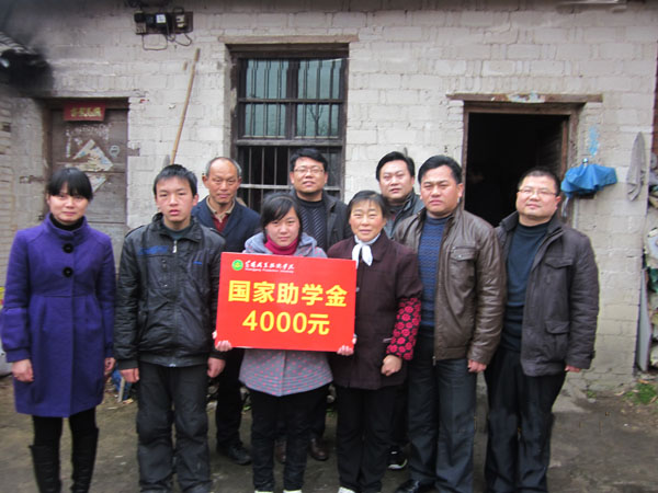 2012年3月3日上午,医学院副院长冯军、校学工处副处长焦爱新、医学院办公室主任沈爱平、学生科科长彭红兵、医学院国家助学金专员彭继红及辅导员饶致毓一行冒着春寒历行3个小时的颠簸,到达罗田县胜利镇毛家坳村朱淑华同学家,为她送去了国家助学金及慰问金。
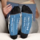 Bluejay Bird socks with a pattern of adorable birdie caricatures, solid bottoms with the text, I'mma Bird Nerd and I love Birdies, both lines can be changed to your own text - a white band on top with coordinating colours and the BirdyBirdy™ Logo on top. Without a doubt, the perfect bird lovers gift for the bird watcher who has everything.. well - Almost everything..
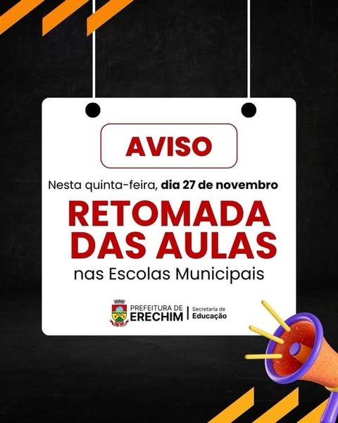 As aulas nas Escolas Municipais e nas Escolas Privadas conveniadas com o município serão retomadas na quinta-feira (27). A medida foi tomada após avaliação das condições de segurança nas unidades de ensino, que já estão preparadas para receber os estudantes.
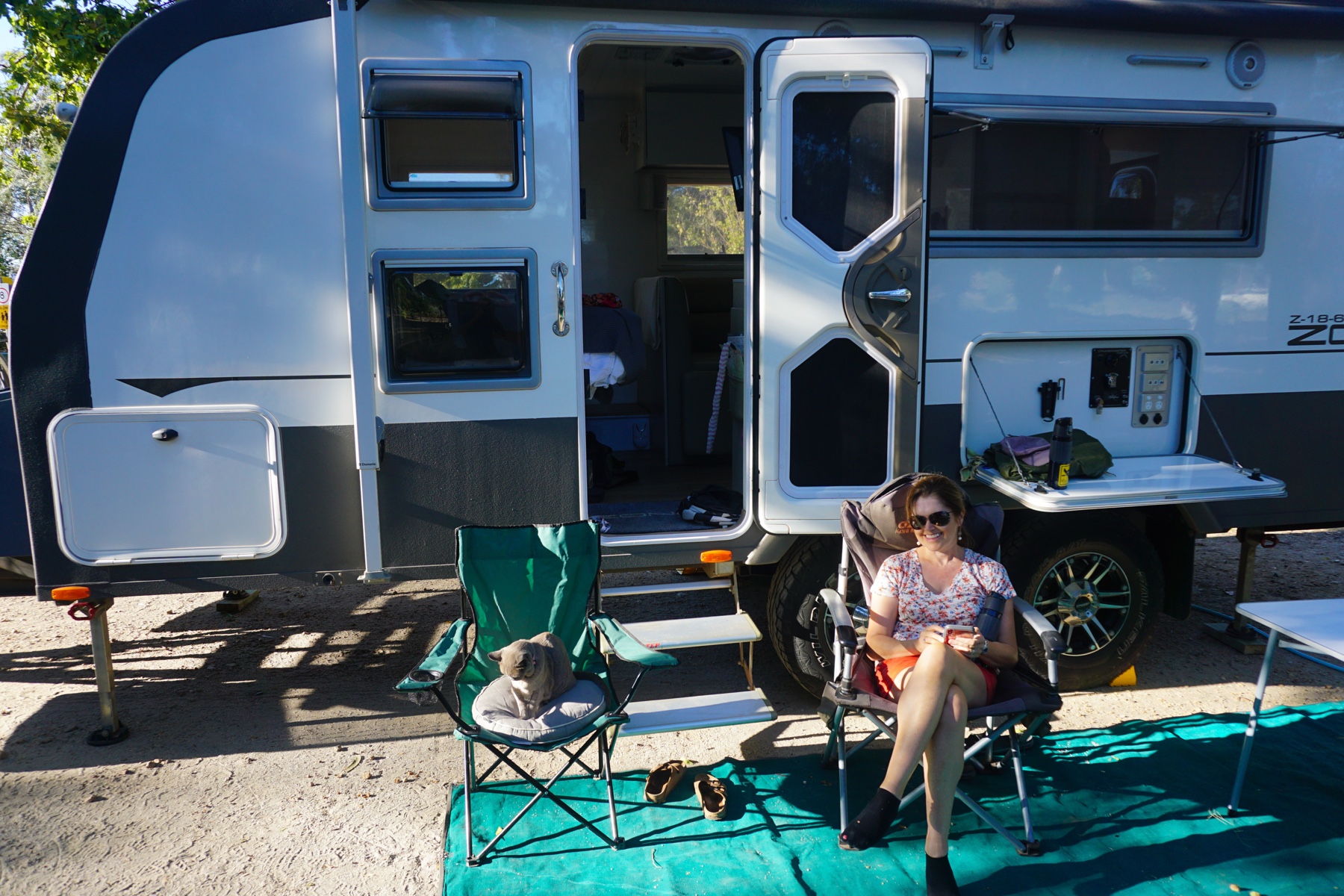 The Zone muster was held at Sambell Lake, at a caravan site there. The lake used to be an open cut gold mine in the 1800s, and during the 1920s was regenerated to create a nature reserve. As we drove in, a koala bounded across the road in front of us and swiftly clambered up a tree beside us. We then spotted our friends Diane and Mark waving enthusiastically in a crowd of other Zoners, and drove off to park up before joining them and saying hello to the others.
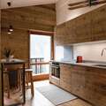 The apartment’s modern kitchen is fully equipped with high-end appliances, including a Nespresso coffee machine, dishwasher, and washer-dryer, making it ideal for longer stays. Guests can unwind in the spacious living area with its flat-screen TV, streaming services, and Bose Bluetooth speaker system, or enjoy a meal on the balcony overlooking the Mer de Glace and Le Brévent. Additional amenities such as ski storage, lift access, and private exterior parking ensure comfort and convenience throughout your stay.
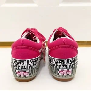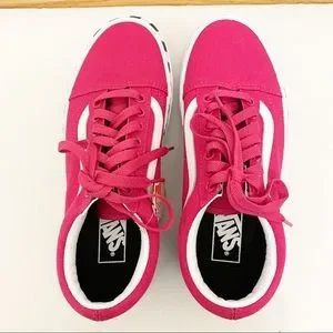 Bold pink platform shoes. Classic Vans style. White accents with checkered detail. Perfect for a standout look.

■ **PROBLEM STATEMENT**
Return the material above verbatim, minus the pictures.

■ **ANSWER TO THE EXERCISE**
 2012年3月3日上午,医学院副院长冯军、校学工处副处长焦爱新、医学院办公室主任沈爱平、学生科科长彭红兵、医学院国家助学金专员彭继红及辅导员饶致毓一行冒着春寒历行3个小时的颠簸,到达罗田县胜利镇毛家坳村朱淑华同学家,为她送去了国家助学金及慰问金。
 Bluejay Bird socks with a pattern of adorable birdie caricatures, solid bottoms with the text, I'mma Bird Nerd and I love Birdies, both lines can be changed to your own text - a white band on top with coordinating colours and the BirdyBirdy™ Logo on top. Without a doubt, the perfect bird lovers gift for the bird watcher who has everything.. well - Almost everything..
 As aulas nas Escolas Municipais e nas Escolas Privadas conveniadas com o município serão retomadas na quinta-feira (27). A medida foi tomada após avaliação das condições de segurança nas unidades de ensino, que já estão preparadas para receber os estudantes.
 The Zone muster was held at Sambell Lake, at a caravan site there. The lake used to be an open cut gold mine in the 1800s, and during the 1920s was regenerated to create a nature reserve. As we drove in, a koala bounded across the road in front of us and swiftly clambered up a tree beside us. We then spotted our friends Diane and Mark waving enthusiastically in a crowd of other Zoners, and drove off to park up before joining them and saying hello to the others.
 The apartment’s modern kitchen is fully equipped with high-end appliances, including a Nespresso coffee machine, dishwasher, and washer-dryer, making it ideal for longer stays. Guests can unwind in the spacious living area with its flat-screen TV, streaming services, and Bose Bluetooth speaker system, or enjoy a meal on the balcony overlooking the Mer de Glace and Le Brévent. Additional amenities such as ski storage, lift access, and private exterior parking ensure comfort and convenience throughout your stay.
 Bold pink platform shoes. Classic Vans style. White accents with checkered detail. Perfect for a standout look.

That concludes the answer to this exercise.